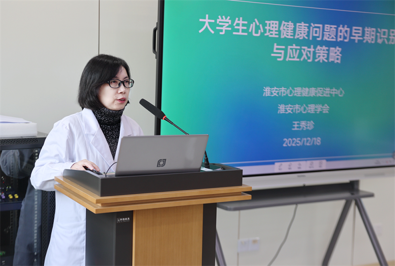 随后,心理科主任医师王秀珍以“大学生心理问题的早期识别与科学应对”为题作专题分享。讲座结合高校学生心理工作特点,梳理了焦虑、抑郁、人际关系等常见困扰的早期表现与辨识线索,讲解了在日常沟通中有效倾听、适时引导的实用方法。分享过程中穿插了经过匿名处理的典型案例,增强了内容的针对性与借鉴意义,现场交流互动频繁,气氛热烈。
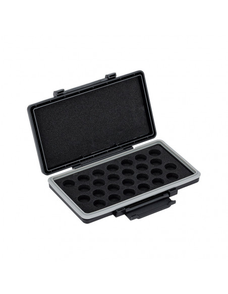 Coin Cell Battery Storage Box The JJC JCR CR1X26 Coin Cell Battery Storage Box is specially designed to safely store and protect CR1/3N button cell batteries. This compact and durable storage system offers a reliable solution for anyone who wants to keep their batteries organised and protected. Highlights Compatible with CR1/3N model button batteries Holds up to 26 batteries Silicone seal for dry interior Grid design neatly separates batteries Ergonomic locking system Strong and eco friendly design The box is made of high quality and eco friendly ABS plastic, making it sturdy and durable. Despite its robust construction, the design remains slim and compact, making it easy to carry or store. Protection against moisture, water and dust A silicone sealing ring around the box provides excellent protection against moisture, water and dust. This keeps your batteries in optimal condition, whatever the conditions. Shockproof interior The inside features custom made EVA foam that effectively helps reduce damage from vibration and shock. Batteries are held firmly in place, preventing them from colliding or scratching. Smart and practical design The grid design keeps batteries organised and easily accessible. It prevents contact between the batteries, which not only provides protection, but also enables orderly storage. Moreover, the ergonomic locking system makes opening and closing the box easy and safe., Model: JJC JCR CR1X26 Weight: 60g Material: ABS + EVA + Silicone 2 years warranty
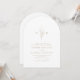 Invitación minimalista a una boda en arco de color blanco y oro, con sus iniciales monogramadas y hojas botánicas ilustradas a mano en la parte superior, los detalles del evento se muestran a continuación en escritura moderna y letra clásica. Sencillo y lujoso. Ideal para bodas clásicos modernos, boda formal simple, elegante boda botánica. Vea todas las piezas coincidentes de la colección.
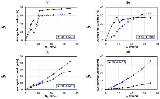 Similar behavior was observed for the case of 0.25 Hz pulsed bed in Figure 6. A clear difference between SD and MDD was detected in the lower region, where a higher pressure drop was obtained with MDD, and the difference between the two strategies was more pronounced at higher velocities. However, the difference was not as prominent as it was in the lower frequency case. The trend was reversed for the upper middle region () and the upper region () due to the material balance consideration, as explained in the preceding paragraph. The MDD bed hydrodynamics appeared to be more sensitive to the frequency change. The upper middle region showed a decrease in the pressure drop at higher velocities due to the bed expansion that caused the migration of solids to the upper region, where this phenomenon was reflected in the increase in the pressure drop.
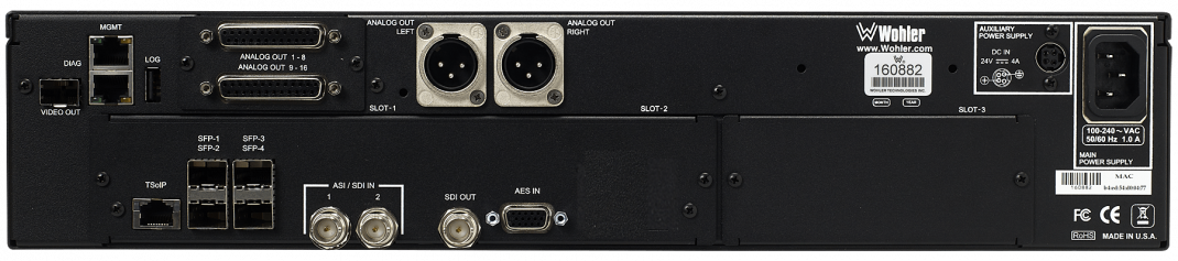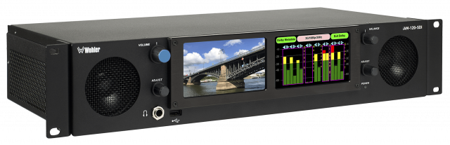 2RU Audio/Video monitoring and metering. 2 x SDI on BNC. 4 pairs of AES inputs on HD15, 16 analog outputs on 2 x DB25 & downmixed analog outputs on XLRs
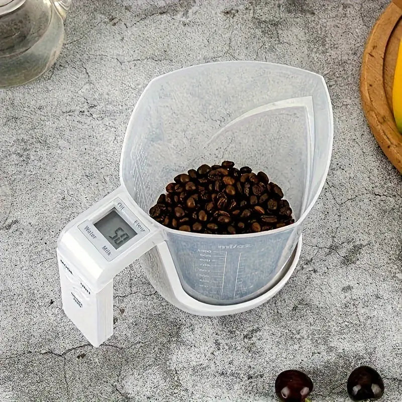 Equipped with a clear LCD display and intuitive controls, it features multiple unit conversions (g, lb:oz, ml, fl'oz, cup), a tare/zero function for layered measurements, and automatic shut-off to preserve battery life. The integrated measuring cup allows you to pour, weigh, and measure in one seamless motion—no need for separate tools.
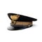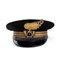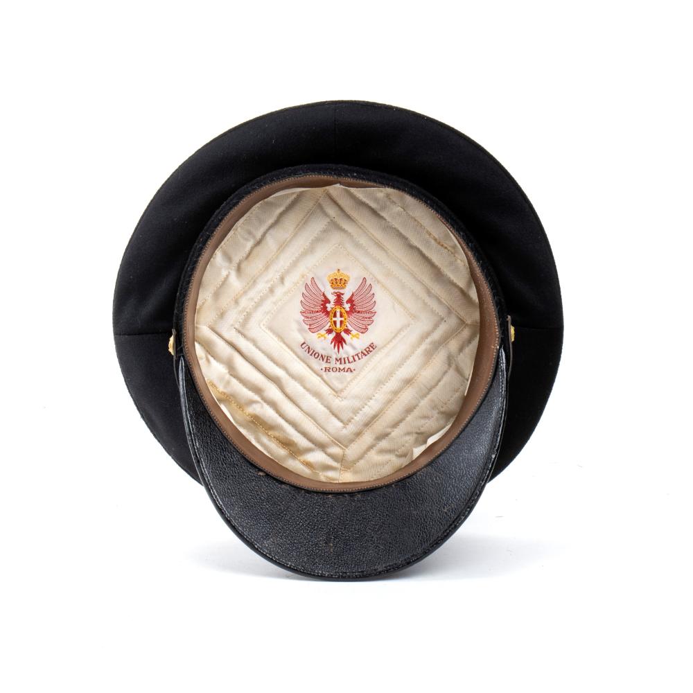 bellissimo berretto in castorino di lana nero, grande fregio in canottiglia dorata, interno con marchi del fabbricante, in ottimo stato

■ Assignment
If the listing above includes images, copy every line of it exactly except those images.

■ Reply
 随后,心理科主任医师王秀珍以“大学生心理问题的早期识别与科学应对”为题作专题分享。讲座结合高校学生心理工作特点,梳理了焦虑、抑郁、人际关系等常见困扰的早期表现与辨识线索,讲解了在日常沟通中有效倾听、适时引导的实用方法。分享过程中穿插了经过匿名处理的典型案例,增强了内容的针对性与借鉴意义,现场交流互动频繁,气氛热烈。
 Coin Cell Battery Storage Box The JJC JCR CR1X26 Coin Cell Battery Storage Box is specially designed to safely store and protect CR1/3N button cell batteries. This compact and durable storage system offers a reliable solution for anyone who wants to keep their batteries organised and protected. Highlights Compatible with CR1/3N model button batteries Holds up to 26 batteries Silicone seal for dry interior Grid design neatly separates batteries Ergonomic locking system Strong and eco friendly design The box is made of high quality and eco friendly ABS plastic, making it sturdy and durable. Despite its robust construction, the design remains slim and compact, making it easy to carry or store. Protection against moisture, water and dust A silicone sealing ring around the box provides excellent protection against moisture, water and dust. This keeps your batteries in optimal condition, whatever the conditions. Shockproof interior The inside features custom made EVA foam that effectively helps reduce damage from vibration and shock. Batteries are held firmly in place, preventing them from colliding or scratching. Smart and practical design The grid design keeps batteries organised and easily accessible. It prevents contact between the batteries, which not only provides protection, but also enables orderly storage. Moreover, the ergonomic locking system makes opening and closing the box easy and safe., Model: JJC JCR CR1X26 Weight: 60g Material: ABS + EVA + Silicone 2 years warranty
 Invitación minimalista a una boda en arco de color blanco y oro, con sus iniciales monogramadas y hojas botánicas ilustradas a mano en la parte superior, los detalles del evento se muestran a continuación en escritura moderna y letra clásica. Sencillo y lujoso. Ideal para bodas clásicos modernos, boda formal simple, elegante boda botánica. Vea todas las piezas coincidentes de la colección.
 Similar behavior was observed for the case of 0.25 Hz pulsed bed in Figure 6. A clear difference between SD and MDD was detected in the lower region, where a higher pressure drop was obtained with MDD, and the difference between the two strategies was more pronounced at higher velocities. However, the difference was not as prominent as it was in the lower frequency case. The trend was reversed for the upper middle region () and the upper region () due to the material balance consideration, as explained in the preceding paragraph. The MDD bed hydrodynamics appeared to be more sensitive to the frequency change. The upper middle region showed a decrease in the pressure drop at higher velocities due to the bed expansion that caused the migration of solids to the upper region, where this phenomenon was reflected in the increase in the pressure drop.
 2RU Audio/Video monitoring and metering. 2 x SDI on BNC. 4 pairs of AES inputs on HD15, 16 analog outputs on 2 x DB25 & downmixed analog outputs on XLRs
 Equipped with a clear LCD display and intuitive controls, it features multiple unit conversions (g, lb:oz, ml, fl'oz, cup), a tare/zero function for layered measurements, and automatic shut-off to preserve battery life. The integrated measuring cup allows you to pour, weigh, and measure in one seamless motion—no need for separate tools.
 bellissimo berretto in castorino di lana nero, grande fregio in canottiglia dorata, interno con marchi del fabbricante, in ottimo stato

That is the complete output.